- _Data segment_

***

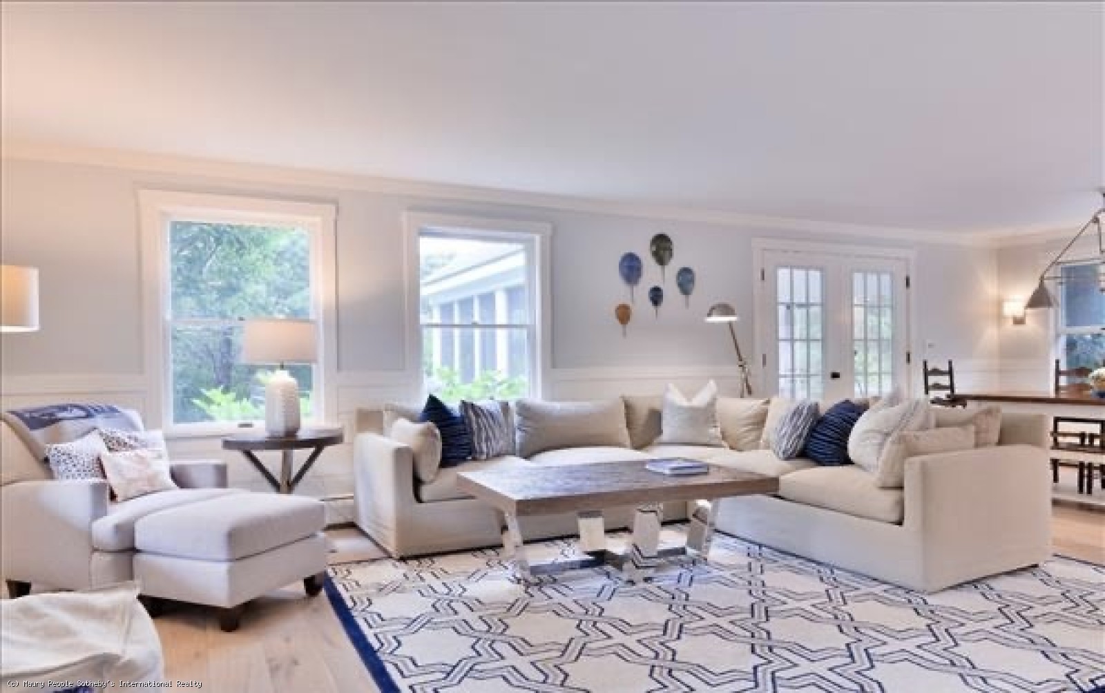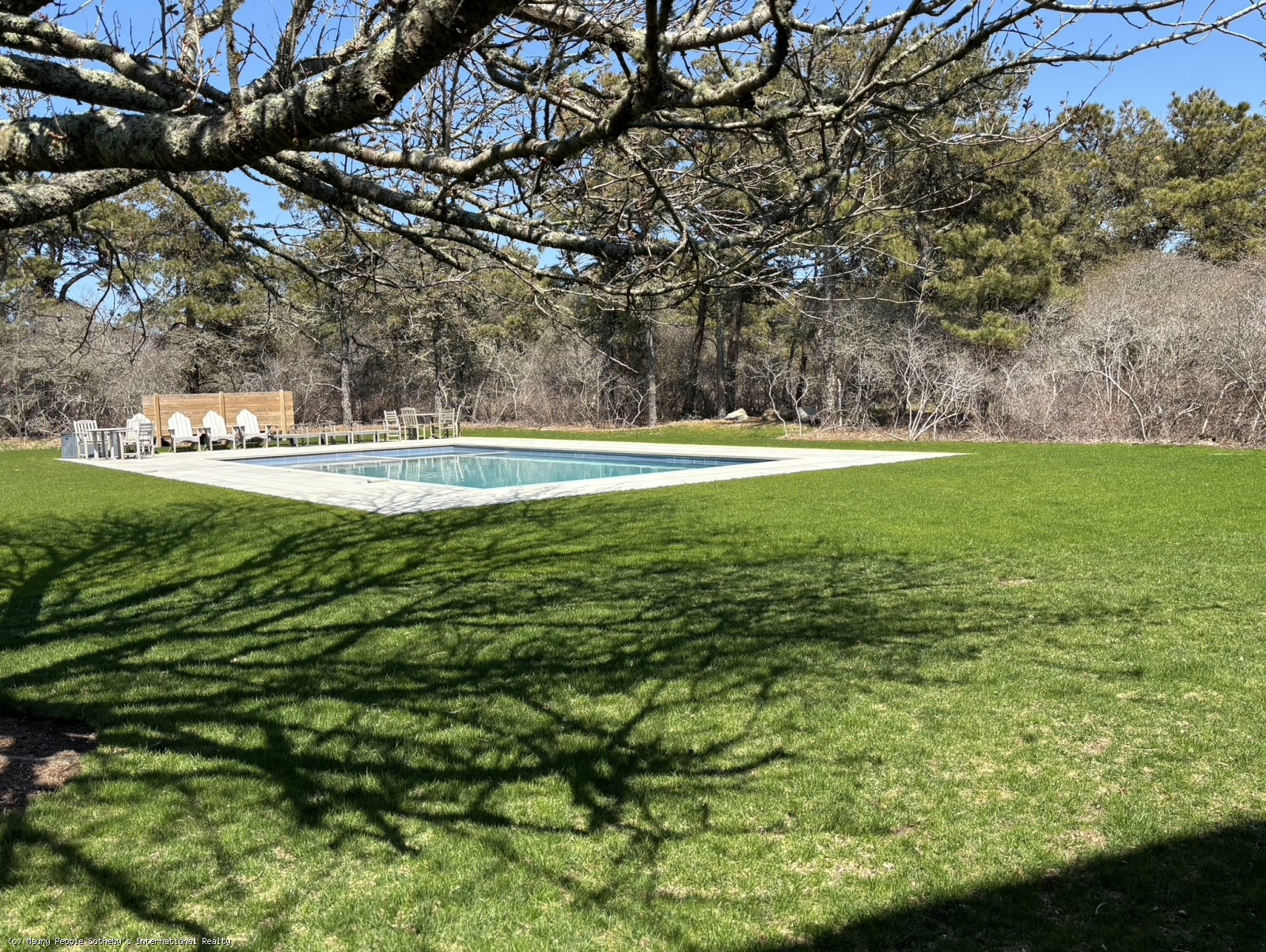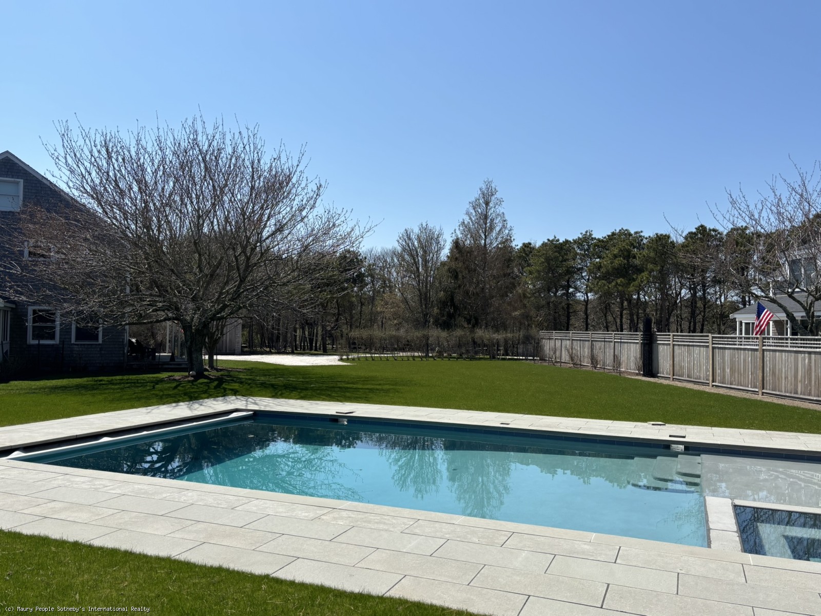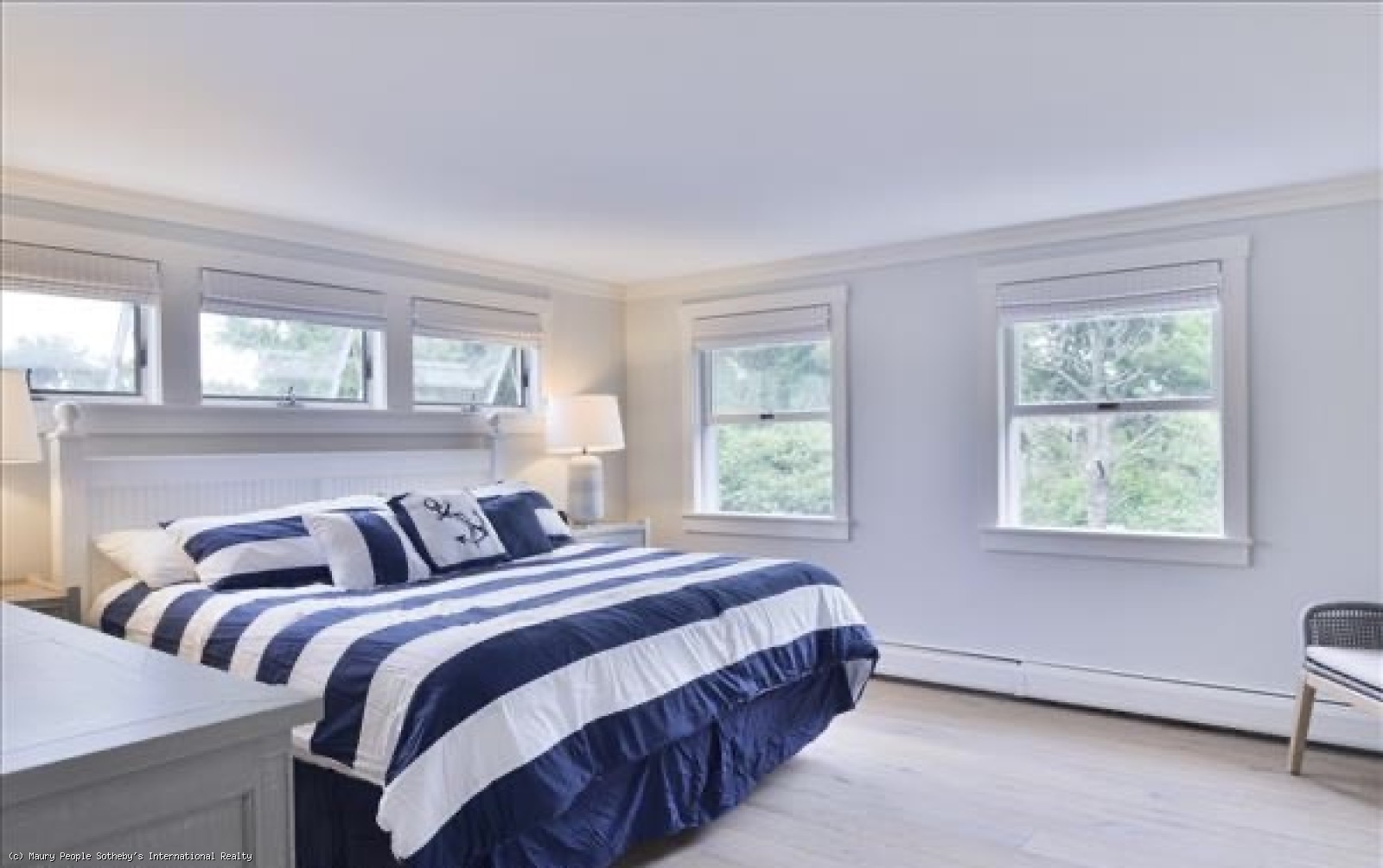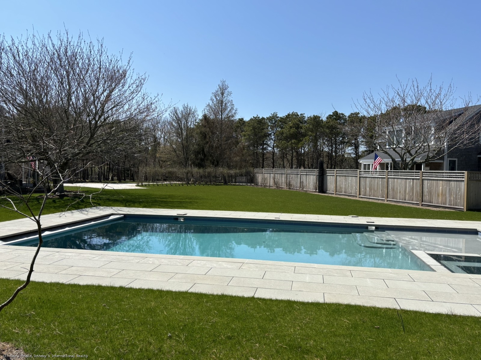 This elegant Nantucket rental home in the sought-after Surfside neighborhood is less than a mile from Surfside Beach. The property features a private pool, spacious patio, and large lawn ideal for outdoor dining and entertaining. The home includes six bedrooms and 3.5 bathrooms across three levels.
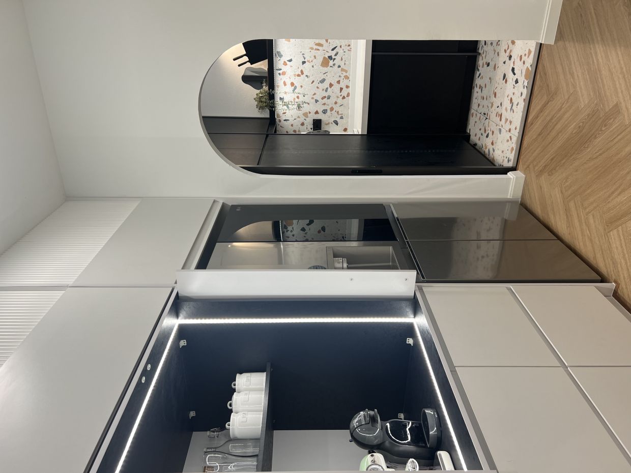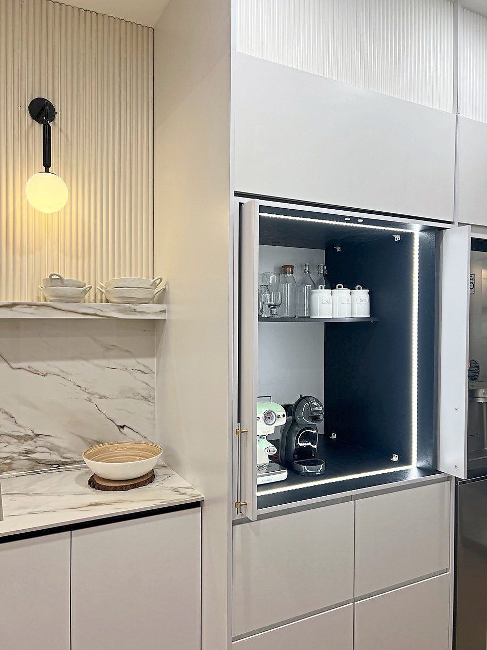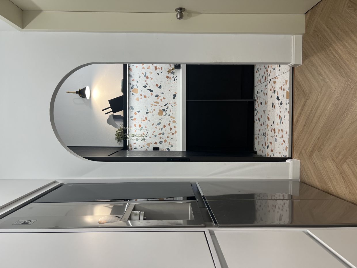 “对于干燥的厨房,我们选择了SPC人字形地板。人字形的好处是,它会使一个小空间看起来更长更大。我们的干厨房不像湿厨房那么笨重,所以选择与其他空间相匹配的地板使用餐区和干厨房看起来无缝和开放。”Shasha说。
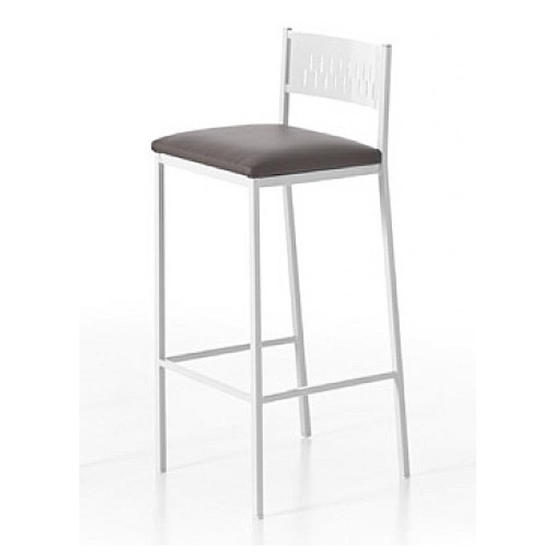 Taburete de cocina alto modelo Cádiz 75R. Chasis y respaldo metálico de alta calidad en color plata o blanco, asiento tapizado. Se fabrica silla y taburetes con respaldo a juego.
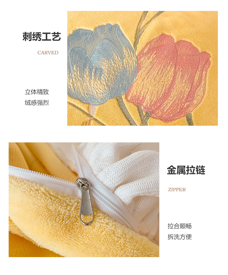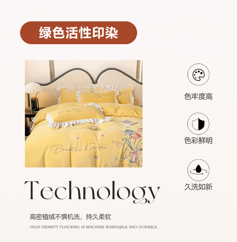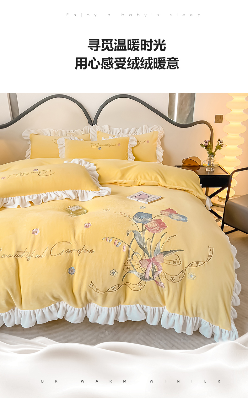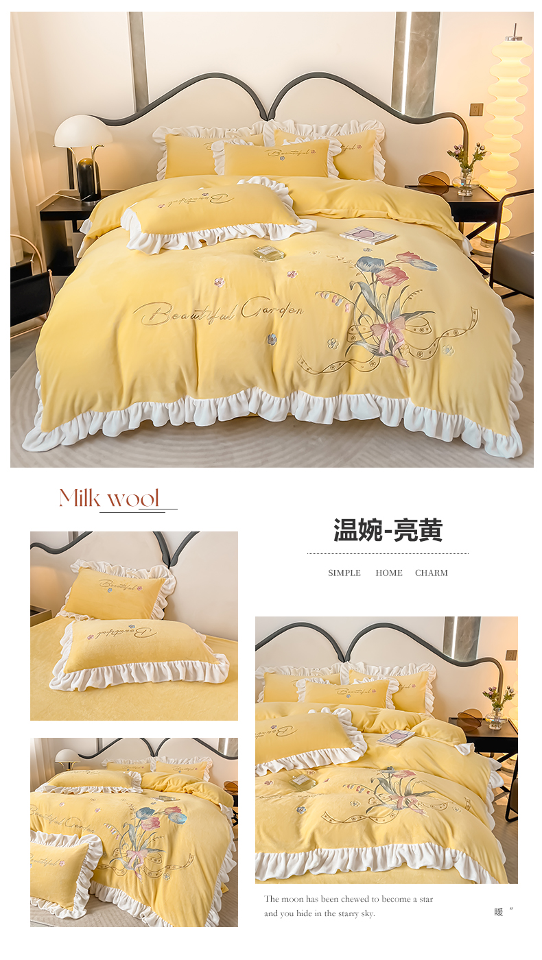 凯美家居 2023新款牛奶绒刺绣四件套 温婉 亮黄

***

- _Goal of the exercise_
The result should be the full listing, retyped exactly and free of pictures.

- _Written response_
 This elegant Nantucket rental home in the sought-after Surfside neighborhood is less than a mile from Surfside Beach. The property features a private pool, spacious patio, and large lawn ideal for outdoor dining and entertaining. The home includes six bedrooms and 3.5 bathrooms across three levels.
 “对于干燥的厨房,我们选择了SPC人字形地板。人字形的好处是,它会使一个小空间看起来更长更大。我们的干厨房不像湿厨房那么笨重,所以选择与其他空间相匹配的地板使用餐区和干厨房看起来无缝和开放。”Shasha说。
 Taburete de cocina alto modelo Cádiz 75R. Chasis y respaldo metálico de alta calidad en color plata o blanco, asiento tapizado. Se fabrica silla y taburetes con respaldo a juego.
 凯美家居 2023新款牛奶绒刺绣四件套 温婉 亮黄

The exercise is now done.